BIP 141: Segregated Witness (21 December 2015)
What is Segregated Witness?
Segregated Witness is a proposal to change the structure of bitcoin transaction data.
The main reason for doing this is to fix the problem of transaction malleability (don’t worry, I’ll explain this in a moment). However, this change also allows for other benefits, such as increasing the number of transactions that can fit in to a block.
What are the changes?
In the current transaction data structure, signatures (the code that “unlocks” existing bitcoins) sit next to each input, so this unlocking code is spread throughout the transaction data. The TXID is then created from the entire transaction data.
In Segregated Witness (occasionally and affectionately referred to as SegWit from here on out), the proposal is to move all of the unlocking code to the end of the transaction data. The TXID is then created from all of the transaction data, except for the unlocking code.
The TXID is only influenced by the effects of a transaction (the movement of bitcoins), and not by any code needed to validate the transaction (i.e. signatures used to unlock existing bitcoins so that they can be spent).
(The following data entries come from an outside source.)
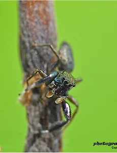 거미목127 줄연두게거미 줄연두게거미 학 명 : Oxytate striatipes L. Koch 1878 거미목 게거미과 크기 1.2cm 정도. 등에 연한 연두색 줄이 있고 배에는 검은털이 쌍으로 나있다. 거미는 다리가 4쌍(8개)이며 작은 더듬이 다리 한쌍이 더 있습니다. 암컷은 더듬이다리의 끝이 얇고 뾰족한 반면 수컷은 더듬이다리 끝이 방망이처럼 뭉툭하다. 이넘은 줄연두게거미 더듬이다리를 보니 암컷 같습니다. 2020. 10. 23. 대륙게거미 대륙게거미 학 명 : Xysticus ephippiatus Simon 1880 분 류 : 거미목 게거미과 몸길이 6~12mm. 5~9월에 볼 수 있으며 거미줄을 치지 않고 나뭇잎이나 풀잎 또는 꽃에 숨어 있다가 다가 오는 먹이를 잡아 먹습니다. 대륙게거미 먹이로 검털파리를 사냥 했네요. 2020. 9. 28. 무당거미 무당거미 학명 : Nephila clavata L, Koch, 1878 분류 : 거미목(Araneae) 무당거미과(Nephilidae) 몸길이는 암컷 20.0~30.0mm, 수컷 6.0~10.0mm. 등딱지는 갈색 바탕에 짧은 은백색 털이 덮여 있고, 가슴판은 흑갈색으로 앞, 뒤쪽 가운데에 노란색 무늬가 있다. 다리는 흑갈색으로 노란색 고리 무늬가 있다. 배는 .. 2019. 10. 9. 가시가 6개인 가시거미 가시거미 학 명 : Gasteracantha kuhli C. L. Koch, 1837 분류 : 거미목(Araneae) 왕거미과(Araneidae) 몸길이는 암컷 6.0~8.0mm, 수컷 3.0~4.0mm이다. 등딱지는 흑갈색으로 불룩하고, 뒤쪽은 배로 짓눌려 있다. 다리는 황갈색이나 넓적다리마디는 암갈색이다. 배는 단단한 키틴판(딱딱한 표피나 껍데기의 골격).. 2019. 9. 6. 청띠깡충거미 수컷 청띠깡충거미 학 명 : Siler cupreus Simon, 1889 분류 : 거미목(Araneae) 깡충거미과(Salticidae) 크기 수컷 5~6mm, 암컷 5~7mm. 배갑은 암갈색이며, 눈 부분이 검고, 앞쪽에 청록색의 가는털이 덮여 있다. 다리는 첫째다리가 강하고 크며 흑갈색을 띠며, 넓적다리와 종아리 다리마디에 털 다발과 2~3쌍의 가.. 2019. 8. 14. 검은날개무늬깡충거미 수컷 입니다. 검은날개무늬깡충거미 학명 : Telamonia vlijmi Proszynski 1984 분류 : 거미목(Araneae) 깡충거미과(Salticidae) 새실젖거미아목(Araneomorphae) 크기 9~11mm. 배갑은 황갈색으로 눈쪽 중앙에 1개, 뒷눈줄의 뒤쪽에 1쌍의 팔자모양 암갈색 무늬가 있고, 다리는 황갈색, 앞다리의 발바닥마디와 발끝마디의 끝쪽.. 2019. 8. 12. 황닷거미 먹이 사냥 황닷거미 학명 : Dolomedes sulfureus L. Koch, 1878 분류 : 거미목(Araneae) 닷거미과(Pisauridae) 몸길이 암컷 20.~28mm, 수컷 14~20mm. 등딱지는 황갈색으로 불룩하며 개체에 따라 가운데를 지나는 회갈색 띠무늬가 있다. 다리는 황갈색으로 크고 길며 고리 무늬는 없으나 가시털이 많이 나 있다. 배는 갸름.. 2019. 5. 9. 홀아비깡충거미 홀아비깡충거미 절지동물문(Arthropoda) 거미강(Archnida) 거미목(Araneae) 깡충거미과(Salticidae) 학 명 : Sitticus avocator (O, P, -Cambridge, 1855) 몸길이 암컷 5~6mm, 수컷 3.5~4.6mm. 배갑은 적갈색이며 노란색 털이 눈 부위와 배갑의 양 옆면과 가슴홈 뒤쪽에 빽빽이 나 있다. 가슴판은 진한 갈색 바탕에 가는 .. 2016. 6. 29. 이전 1 2 3 4 ··· 16 다음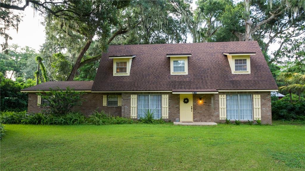 This cottage farmhouse is nestled off the street in a non deed restricted neighborhood with lush established landscaping and large mature oaks & palms. this 4 bedroom two story homes has a side entry two car garage and a 26x36 detached workshop with 9' over sized double doors. this property is just shy of a half acre and has conservation views for peaceful scenic evenings. the large separate dining room and formal living room with large ceiling to floor picture windows bringing in lots of light are just off the front entry. circle around to a very warm and inviting family room adorned with a brick wood-burning fireplace accented with bookshelves on both sides, and a french door leading you to your 9x30 screened lanai. the kitchen has corian counters, tile backsplash, appliances, breakfast bar and eat in space for a dinette and has a french door leading to your oversized screened lanai. a beautiful spindle staircase leads to the sleeping quarters. the master suite is located on the second floor and has two walk in closets, double vanity sinks, shower/tub combination. all of the bedrooms are a generous size ,have a good amount of storage and natural light, wood laminate and overhead lighting. the secondary bath room has a separate area from tub/shower sink area with two additional vanity sinks. large indoor laundry/utility room this home is convenient to route 60 for shopping, dining and entertainment. low taxes, no hoa or cdd's.Single Family House 4 bedrooms - HAMNER'S W E AND MARJORY B FREDONIA REYNOLDS SUB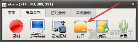 1、当你oCam录屏软件电脑版中成功录制完成视频后,点击中止停止选项将视频保存到本地后,只需在主界面点击“打开”即可进行查看,如下图所示: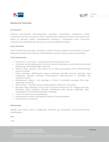 Warszawa 2011 Skuteczny Coaching Cel szkolenia Poznanie instrumentów komunikacyjnych coachingu, doskonalenie umiejętności analizy i wspierania procesów nauczania w firmie, optymalizacja umiejętności analizy pracowników pod kątem ich fachowej wiedzy, indywidualnych preferencji i umiejętności nauki. Stworzenie celowego oraz indywidualnego stylu pracy ze swoimi współpracownikami. Grupa docelowa Kadra menedżerska wyższego i średniego szczebla, kierującą zespołami pracowników, chcących doskonalić kompetencje w zakresie indywidualnego wsparcia rozwoju swoich pracowników. Treści programowe • • • • • • • • • • Uczenie się – co to znaczy – wprowadzenie do tematyki warsztatu Tworzenie sytuacji edukacyjnej: czym jest sytuacja edukacyjna, warunki powstania sytuacji edukacyjnej, cykl efektywnego uczenia się Mentor, coach, doradca. Czym różnią się od siebie poszczególne formy indywidualnego wsparcia rozwoju Istota coachingu: zdefiniowanie pojęcia coachingu, specyfika formuły coachingu, style współpracy, kluczowe narzędzia komunikacyjne wykorzystywane w coachingu rola otwartości coacha Zdefiniowanie miejsca i roli coachingu w firmie w kontekście koncepcji firmy jako organizacji uczącej się Szef coachem – specyfika sytuacji coachingowej w relacji szef - pracownik Kluczowe etapy coachingu oraz ich rola w procesie uczenia się m.in.: diagnoza potrzeb, określanie celów coachingu, kontrakt coachingowy, plan rozwoju osobistego, sesje coachingowe i ich przebieg, zamknięcie coachingu, Trudne sytuacje w pracy coachingowej Przećwiczenie rozmów coachingowych (scenki i studia przypadku) Sesja informacji zwrotnych Metodologia Wykład, case studies, praca w podgrupach, ćwiczenia, gry symulacyjne, praca przed kamerą, videofeedback. Czas 2 dni

So in essence, you have separated the “validating” part (unlocking code) from the “effective” part of the transaction.
If you were to refer to this validation code as witness data (as a cryptographer might), you could say that you have “segregated the witness”. *wink*
What are the benefits?
1. Fixes Transaction Malleability
In Bitcoin, Transaction Malleability refers to the fact that the TXID of a transaction can be changed by altering the unlocking code in the transaction.
This means that when you send your transaction in to the network, any node has the ability to change the the TXID before passing it on.
However, if the unlocking code is no longer part of the TXID, then no node will have the ability to change the TXID of your transaction.
So in other words, Segregated Witness makes your TXIDs reliable.
2. Increases Block Capacity
Due to the fact that the unlocking code has been moved to a new “witness” field in the transaction data, this means the way block sizes are calculated can also be changed.
Currently, the block size limit is 1,000,000 bytes (1MB). Transactions are measured in bytes.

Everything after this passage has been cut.